Gemeinsam mit dem GRÜNEN Stadtverband habe ich meine liebe Kollegin Irene Mihalic aus Gelsenkirchen eingeladen, um mit ihr und weiteren Gästen das Thema Innere Sicherheit zu bearbeiten. Als Polizistin ist Irene unsere kompetente Sprecherin für Innenpolitik in der Bundestagsfraktion.

Sicherheitspolitik aus dem Bauch heraus ist völliger Quatsch und dient niemandem. Wir müssen an jedem Ort genau hinsehen und analysieren, welches Problem vorliegt. Sicherheitsgesetze mit heißer Nadel stricken wie die Bundesregierung dies tut schadet der Prävention, also der Vorsorge, Schlimmeres zu verhindern.

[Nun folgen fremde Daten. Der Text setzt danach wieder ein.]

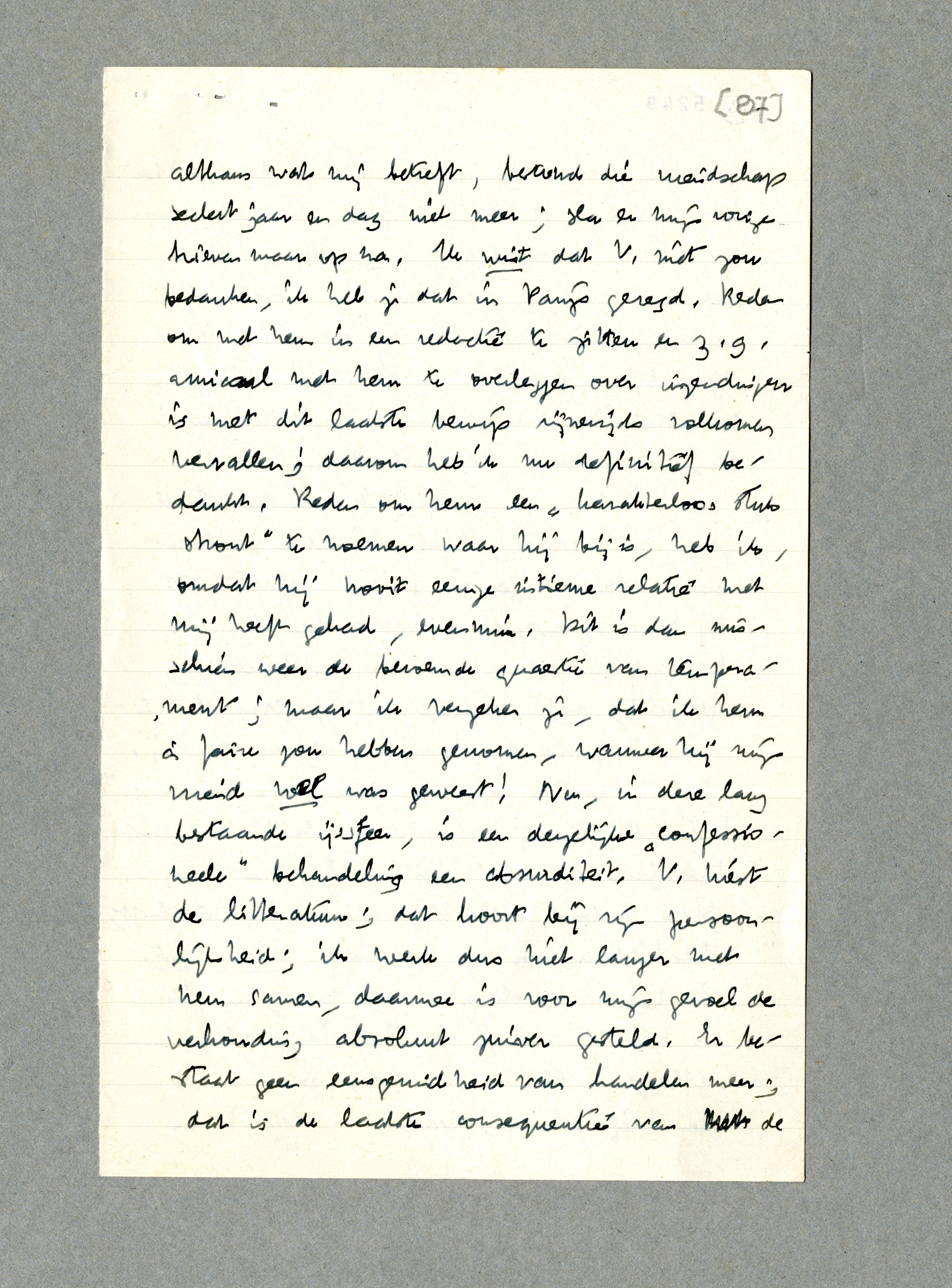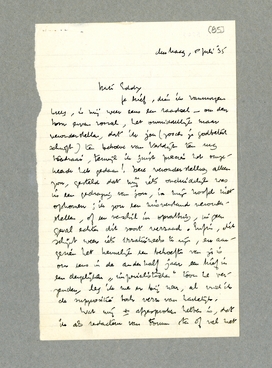 Je brief, dien ik vanmorgen kreeg, is mij weer eens een raadsel - om de toon ervan vooral, het onmiddellijk maar veronderstellen, dat ik jou (zooals je godbetert schrijft) ten behoeve van Vestdijk den rug toedraai, terwijl ik juist precies het omgekeerde heb gedaan! Deze veronderstelling alleen zou, gesteld dat mij iets onduidelijk was in een gedraging van jou, in mijn hoofd niet opkomen; ik zou een misverstand veronderstellen, of een verschil in opvatting, in geen geval echter dit soort verraad. Enfin, dit schijnt weer iets irrationeels te zijn, en aangezien het kennelijk een behoefte van je is om eens in de anderhalf jaar een brief in een dergelijken ‘imperialistischen’ toon te verzenden, leg ik me er bij neer, al vind ik de suppositie toch verre van hartelijk.

Dies ist das Ergebnis einer äußerst interessanten Frühstücksrunde im Oldenburger Biorestaurant Seidenspinner mit meiner lieben Bundestgaskollegin Irene Mihalic aus Gelsenkirchen, mit Melanie Blinzler, der Geschäftsführerin des Oldenburger Präventionsrates und dem Leiter der Polizeiinspektion Oldenburg Stadt, Ammerland, Eckhard Wache.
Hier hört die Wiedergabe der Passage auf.